Task instructions: Please print, exactly, only the lines in the entries below from the line that has "CIELCh 67.362,80.942,127.46 Color" through the line that has "Федеральная антимонопольная служба". Pictures don't go in.

*** Information Section Begins ***

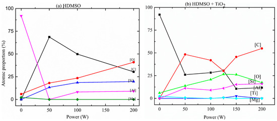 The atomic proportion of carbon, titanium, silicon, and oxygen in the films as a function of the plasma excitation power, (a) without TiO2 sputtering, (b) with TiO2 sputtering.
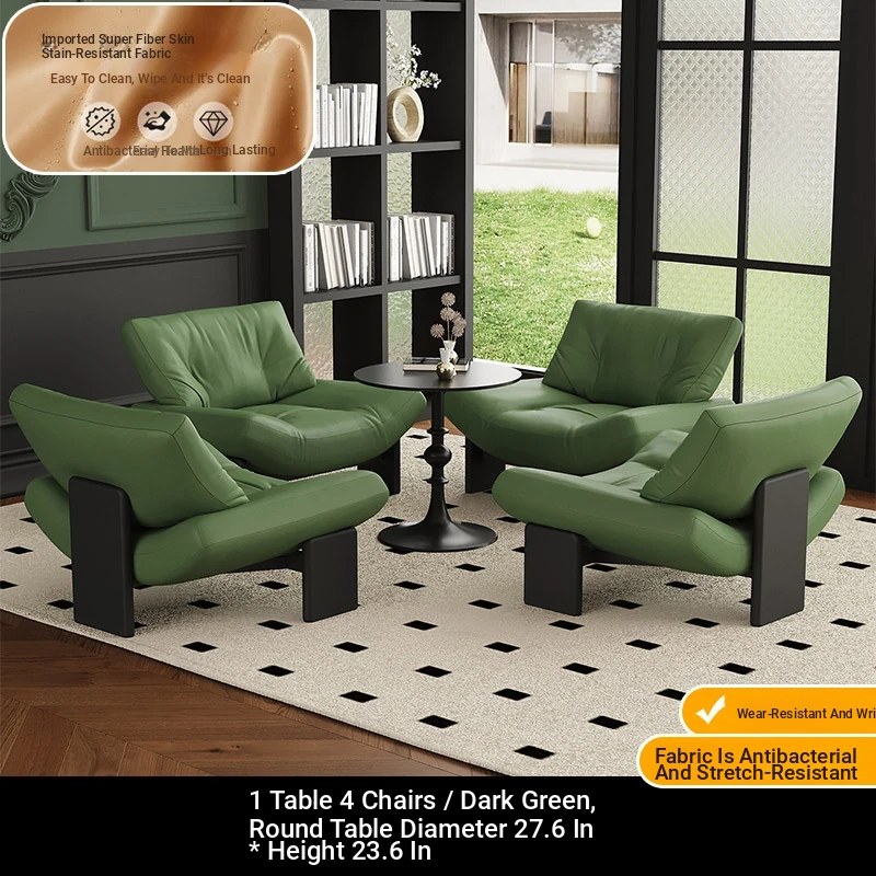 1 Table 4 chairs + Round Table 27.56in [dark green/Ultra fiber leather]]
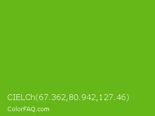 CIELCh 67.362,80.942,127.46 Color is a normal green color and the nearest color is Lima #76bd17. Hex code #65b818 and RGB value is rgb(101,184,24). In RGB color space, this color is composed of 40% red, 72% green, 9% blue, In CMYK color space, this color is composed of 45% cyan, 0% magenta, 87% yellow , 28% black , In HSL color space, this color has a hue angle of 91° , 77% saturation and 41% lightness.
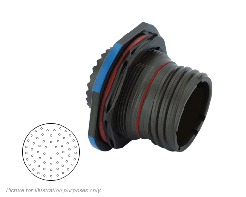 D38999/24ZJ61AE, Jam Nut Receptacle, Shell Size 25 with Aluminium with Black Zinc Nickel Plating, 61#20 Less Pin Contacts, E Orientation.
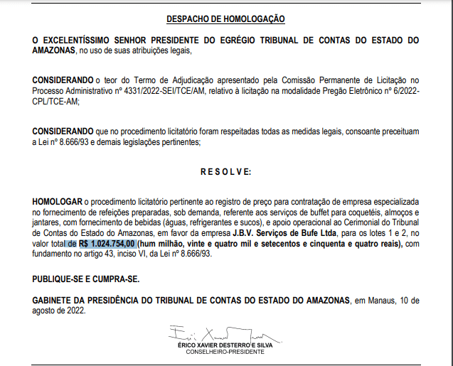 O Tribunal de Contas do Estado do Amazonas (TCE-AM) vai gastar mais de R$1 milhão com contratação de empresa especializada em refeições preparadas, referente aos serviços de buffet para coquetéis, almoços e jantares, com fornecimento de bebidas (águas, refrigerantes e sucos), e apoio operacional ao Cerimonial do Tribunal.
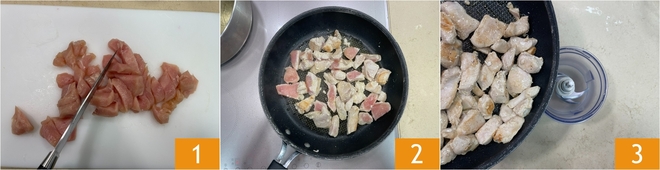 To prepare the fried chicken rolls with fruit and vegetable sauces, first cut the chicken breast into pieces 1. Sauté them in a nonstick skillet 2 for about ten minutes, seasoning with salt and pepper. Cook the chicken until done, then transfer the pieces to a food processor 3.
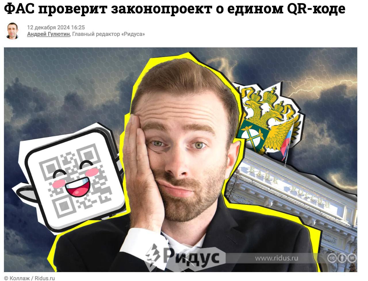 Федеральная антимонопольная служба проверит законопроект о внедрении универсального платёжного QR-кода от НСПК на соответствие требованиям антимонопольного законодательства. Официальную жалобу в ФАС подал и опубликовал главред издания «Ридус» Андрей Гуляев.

*** Information Section Ends ***
*** Information Section Begins ***

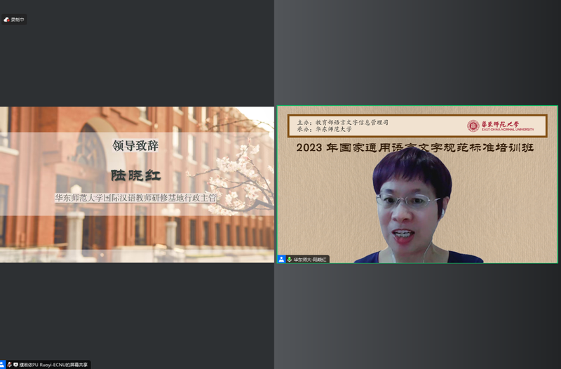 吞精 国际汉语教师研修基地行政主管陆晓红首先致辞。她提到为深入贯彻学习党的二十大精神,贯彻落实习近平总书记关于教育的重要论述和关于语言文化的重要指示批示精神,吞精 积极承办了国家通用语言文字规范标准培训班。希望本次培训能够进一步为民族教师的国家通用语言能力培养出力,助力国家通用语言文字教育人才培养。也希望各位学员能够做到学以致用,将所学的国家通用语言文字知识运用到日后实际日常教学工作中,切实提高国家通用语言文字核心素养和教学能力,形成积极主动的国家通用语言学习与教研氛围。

*** Information Section Ends ***

Result for this task:
 CIELCh 67.362,80.942,127.46 Color is a normal green color and the nearest color is Lima #76bd17. Hex code #65b818 and RGB value is rgb(101,184,24). In RGB color space, this color is composed of 40% red, 72% green, 9% blue, In CMYK color space, this color is composed of 45% cyan, 0% magenta, 87% yellow , 28% black , In HSL color space, this color has a hue angle of 91° , 77% saturation and 41% lightness.
 D38999/24ZJ61AE, Jam Nut Receptacle, Shell Size 25 with Aluminium with Black Zinc Nickel Plating, 61#20 Less Pin Contacts, E Orientation.
 O Tribunal de Contas do Estado do Amazonas (TCE-AM) vai gastar mais de R$1 milhão com contratação de empresa especializada em refeições preparadas, referente aos serviços de buffet para coquetéis, almoços e jantares, com fornecimento de bebidas (águas, refrigerantes e sucos), e apoio operacional ao Cerimonial do Tribunal.
 To prepare the fried chicken rolls with fruit and vegetable sauces, first cut the chicken breast into pieces 1. Sauté them in a nonstick skillet 2 for about ten minutes, seasoning with salt and pepper. Cook the chicken until done, then transfer the pieces to a food processor 3.
 Федеральная антимонопольная служба проверит законопроект о внедрении универсального платёжного QR-кода от НСПК на соответствие требованиям антимонопольного законодательства. Официальную жалобу в ФАС подал и опубликовал главред издания «Ридус» Андрей Гуляев.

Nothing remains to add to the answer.